Un phénomène optique
Une fois ces précautions posées, il est possible d’appréhender en premier lieu la couleur des yeux comme un phénomène optique. L’iris humain est la partie colorée de l’œil dont le rôle est de contrôler, en se contractant, la quantité de lumière qui pénètre dans l’œil. La couche de tissu externe de l’iris est nommée « stroma ». Elle comprend notamment des cellules appelées « mélanocytes » dans lesquelles se forme et est stocké le pigment impliqué dans la couleur des yeux : la mélanine. Celle-ci est également responsable de la couleur de la peau ou encore des cheveux. Elle existe sous deux formes : l’eumélanine, un pigment brun-noir responsable de la coloration foncée de l’œil et la phéomélanine, un pigment rouge-jaune, qui est généralement impliquée dans la couleur rousse des cheveux.
Plus il y a de mélanine dans cette couche tissulaire, plus ces pigments absorbent les longueurs d’ondes comme un corps noir, et donc plus les yeux apparaissent foncés (comme les yeux marron ou noirs). À l’inverse, moins la mélanine est concentrée dans l’iris, plus la couleur apparente est claire. Pour autant, la couleur n’est pas uniquement le fait d’un pigment, mais aussi d’un phénomène physique. Les longueurs d’onde bleues sont nettement plus réfléchies par les fibres de l’iris que les autres. Il y a donc un double effet physique et chimique. Lorsque l’iris est claire, c’est-à-dire avec peu de mélanine pour absorber les longueurs d’ondes, elle réfléchit plutôt les longueurs d’onde bleues. Cette iris claire (avec moins de mélanine) apparait donc plus souvent comme bleue. Au contraire, une iris plus foncée (avec plus de mélanine) a des fibres qui réfléchissent autant les longueurs d’ondes bleues que pour une iris claire. Cependant, la mélanine présente ici en plus grande quantité absorbe toutes les longueurs d’ondes comme un corps noir, laissant moins de longueurs d’ondes à réfléchir. Ces iris seront donc toujours plus foncées.

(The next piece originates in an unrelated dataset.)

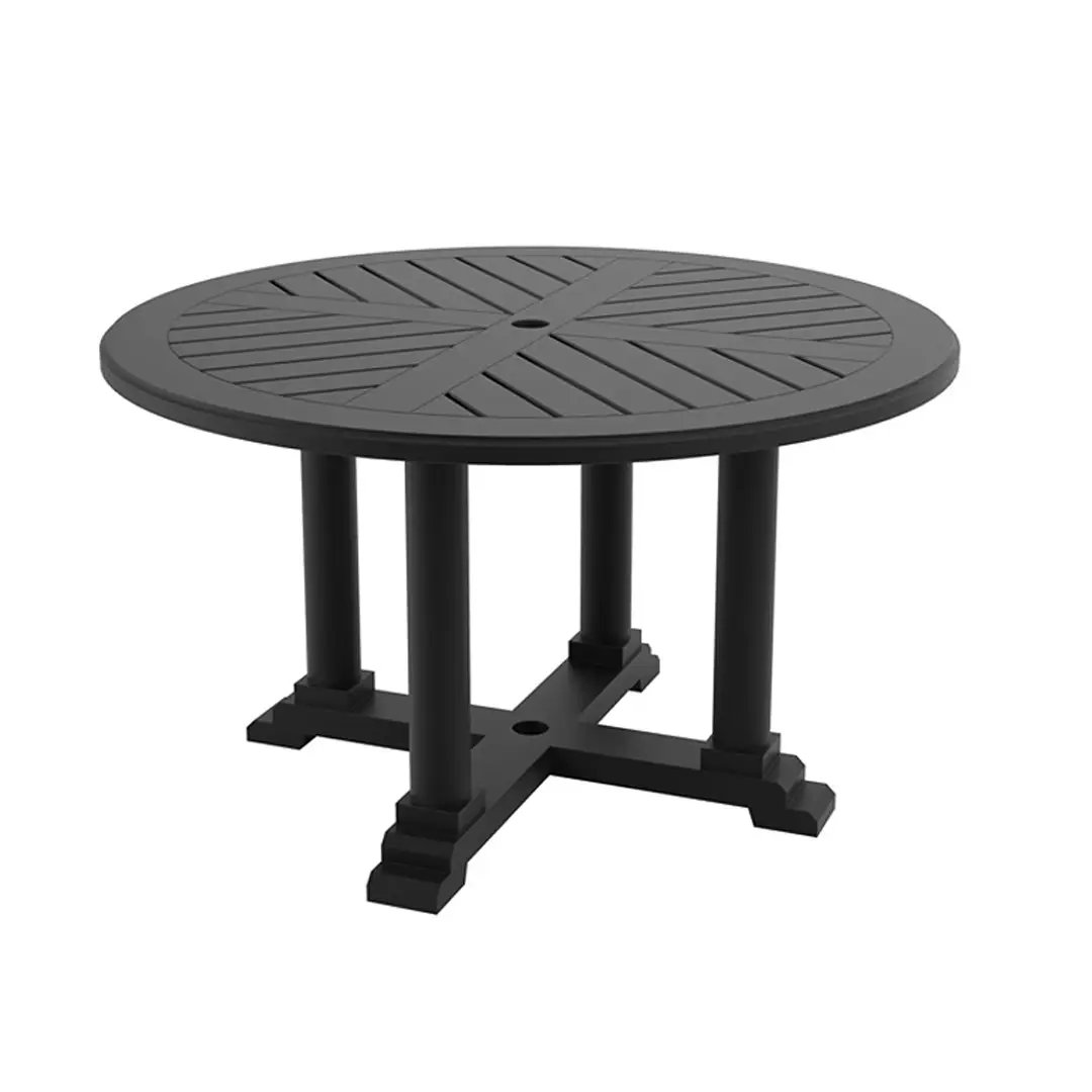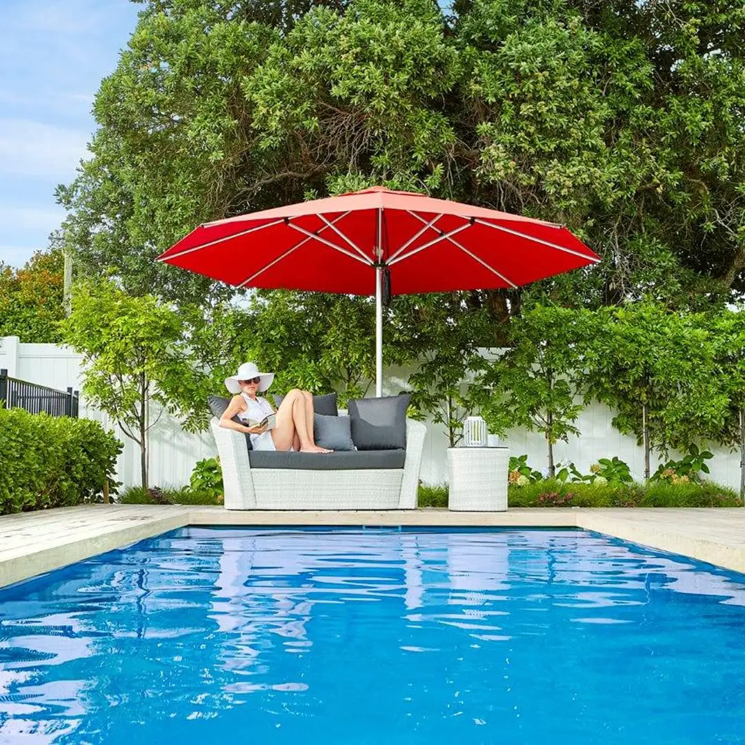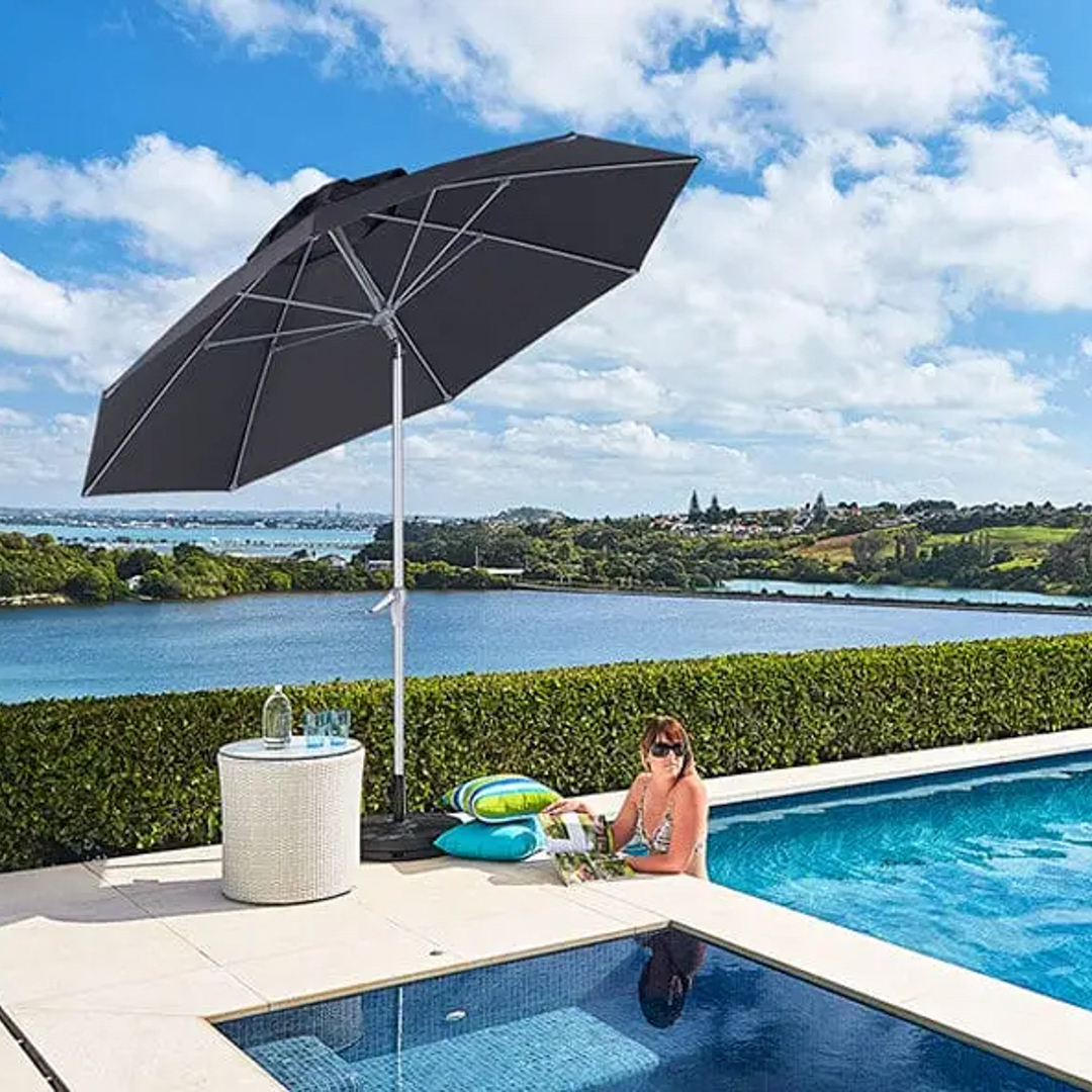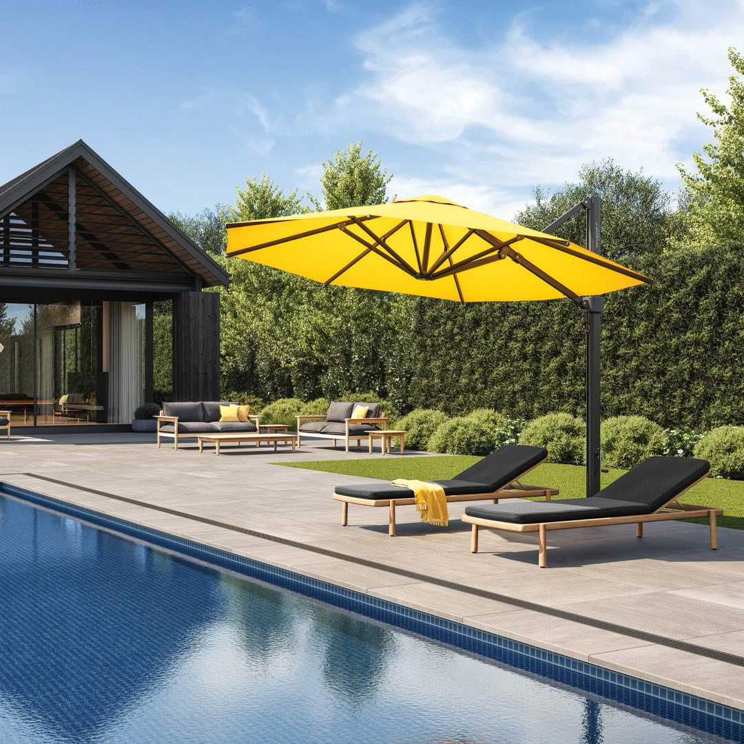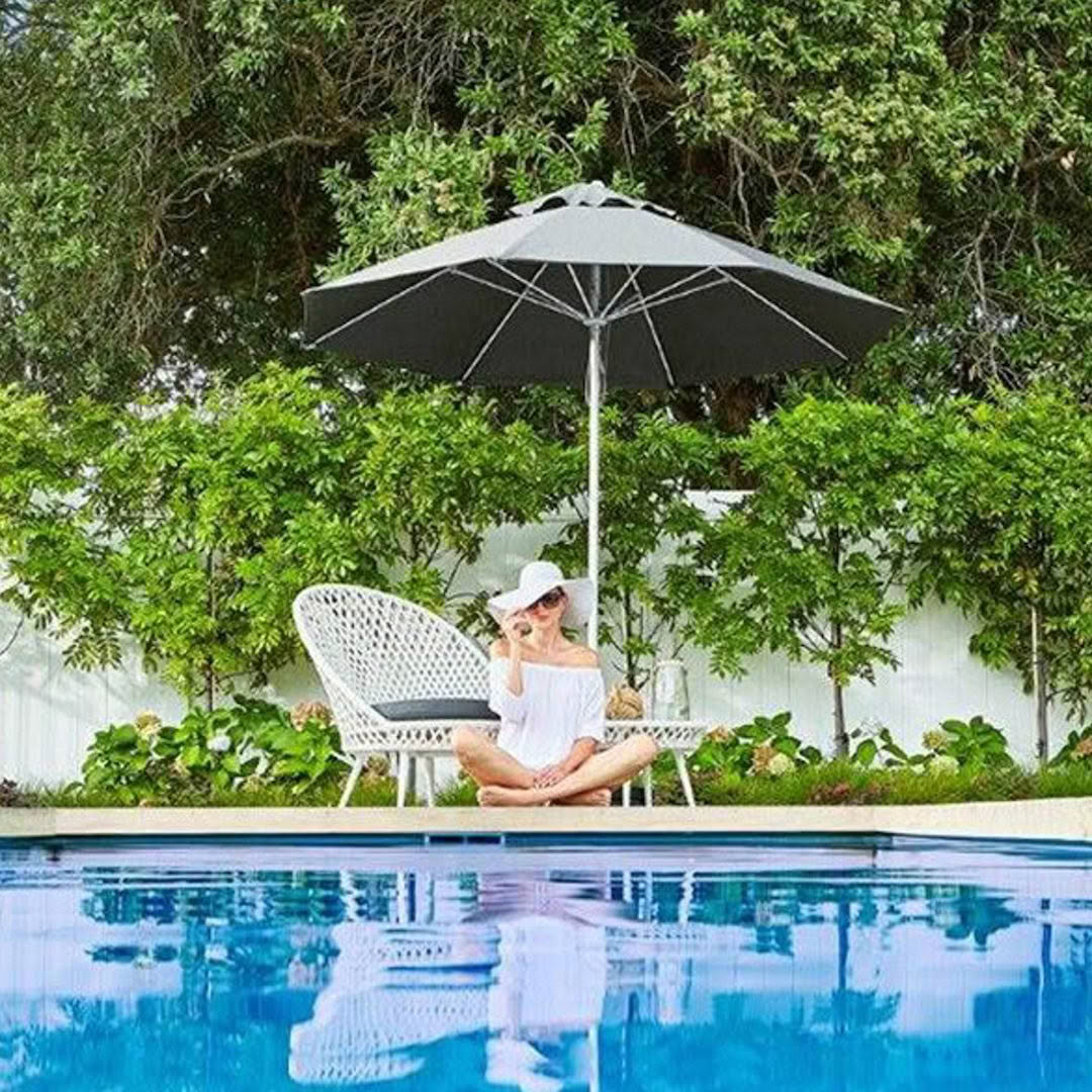 Outdoor dining set by pool with scenic background

Contrairement à l’idée reçue, les yeux clairs ne sont pas plus sensibles à la lumière que les yeux foncés. En effet, la lumière passe par la pupille pour arriver à la rétine, elle ne traverse jamais l’iris, quelle que soit sa couleur.

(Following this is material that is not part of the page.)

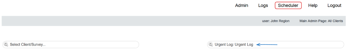 There is no need to pre-select the client and the survey, but you can do so if you wish! Simply use the Scheduler button on the top right, or use a Quickjump and look up Urgent Log.

Mais la structure des fibres de l’iris intervient également dans la couleur que l’on va percevoir. « La complexité tient au fait que l’iris ne présente pas que quelques couleurs tranchées, brunes, vertes ou bleues, mais une infinité de tonalités de couleurs, reflets de situations physiques intermédiaires et complexes. Et nous ne savons pas encore expliquer comment naissent ou pas les anneaux d’irisation, les textures différentes », évoque Paul Verdu.
Plus de 80 mutations génétiques impliquées
Certaines protéines ont été identifiées comme directement impliquées dans la synthèse de la mélanine (par exemple la tyrosinase TYR, les protéines mélanosomales, codées par les gènes OCA2 et MATP, et le récepteur de la mélanocortine MC1R). « Ceci a permis de mettre en évidence des gènes dont les mutations vont avoir un effet direct sur la fabrication de la mélanine et donc sur la couleur des yeux », explique Paul Verdu. « Cependant de nombreux autres gènes vont jouer un rôle indirect, sur son expression, sa concentration, sa diffusion dans les tissus ». À ce jour, plus de 80 mutations dans 15 à 20 gènes ont été corrélées avec différentes couleurs, sans pour autant que ce lien ne soit très clairement établi. « Certains de ces gènes jouent aussi un rôle dans l’immunité ou le métabolisme, on est donc très loin d’une action directe sur la couleur ».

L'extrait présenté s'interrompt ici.